§ Records supplied
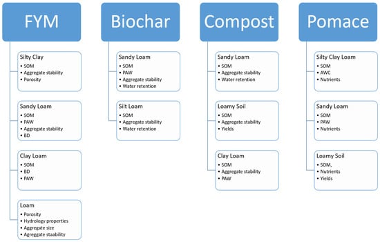 Specific soil property improvements in specific soil textures after several organic amendment applications. Abbreviations: SOM—soil organic matter, PAW—plant available water, BD—bulk density.
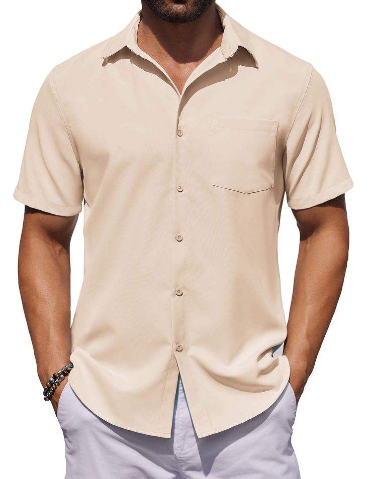 เสื้อเชิ้ตผู้ชายลำลองคุณภาพสูง เสื้อผ้าฤดูร้อน แขนสั้น ไม่ยับ สำหรับใส่ทำงานในออฟฟิศหรือโอกาสทางการ ติดกระดุม
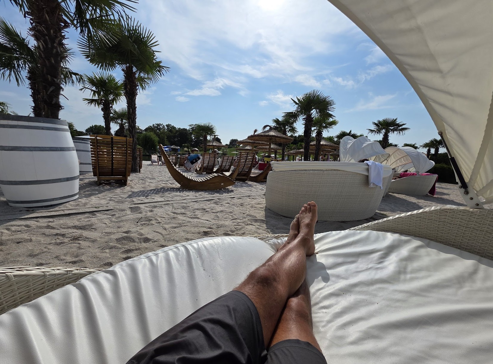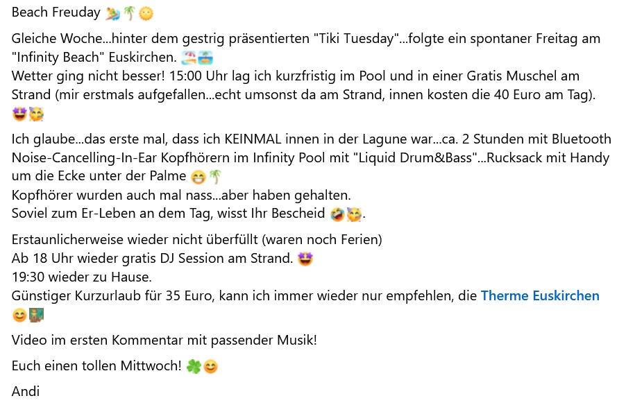 Beach Freuday Gleiche Woche...hinter dem gestrig präsentierten "Tiki Tuesday"...folgte ein spontaner Freitag am "Infinity Beach" Euskirchen. Wetter ging nicht besser! 15:00 Uhr lag ich kurzfristig im Pool und in einer Gratis Muschel am Strand (mir erstmals aufgefallen...echt umsonst da am Strand, innen kosten die 40 Euro am Tag). Ich glaube...das erste mal, dass ich KEINMAL innen in der Lagune war...ca. 2 Stunden mit Bluetooth Noise-Cancelling-In-Ear Kopfhörern im Infinity Pool mit "Liquid Drum&Bass"...Rucksack mit Handy um die Ecke unter der Palme Kopfhörer wurden auch mal nass...aber haben gehalten. Soviel zum Er-Leben an dem Tag, wisst Ihr Bescheid . Erstaunlicherweise wieder nicht überfüllt (waren noch Ferien)Ab 18 Uhr wieder gratis DJ Session am Strand. 19:30 wieder zu Hause.Günstiger Kurzurlaub für 35 Euro, kann ich immer wieder nur empfehlen, die Therme Euskirchen Video im ersten Kommentar mit passender Musik! Euch einen tollen Mittwoch! Andi
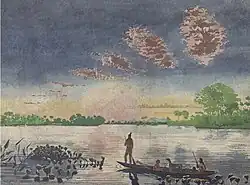 Guató canoe at sunset, by Hércules Florence
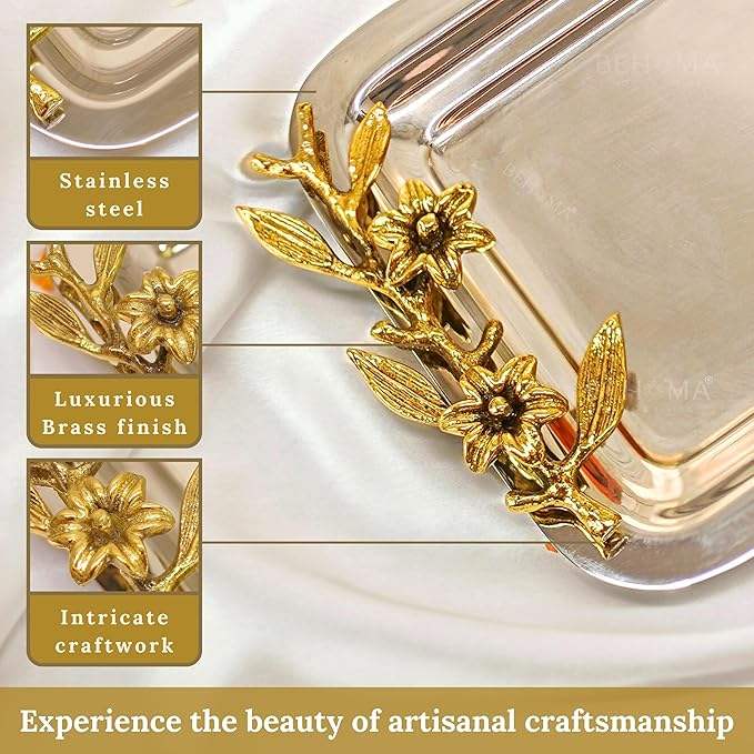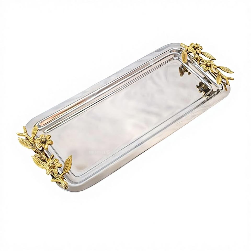 Plateau de service rectangulaire très vendu avec poignée en feuille de laiton dorée, élégant plateau en acier inoxydable

§ Task statement
The lines from the start of the records above through the line that holds "เสื้อเชิ้ตผู้ชายลำลองคุณภาพสูง เสื้อผ้าฤดูร้อน แขนสั้น" are to be copied exactly, both ends included, and no pictures are to be copied.

§ Answer section
 Specific soil property improvements in specific soil textures after several organic amendment applications. Abbreviations: SOM—soil organic matter, PAW—plant available water, BD—bulk density.
 เสื้อเชิ้ตผู้ชายลำลองคุณภาพสูง เสื้อผ้าฤดูร้อน แขนสั้น ไม่ยับ สำหรับใส่ทำงานในออฟฟิศหรือโอกาสทางการ ติดกระดุม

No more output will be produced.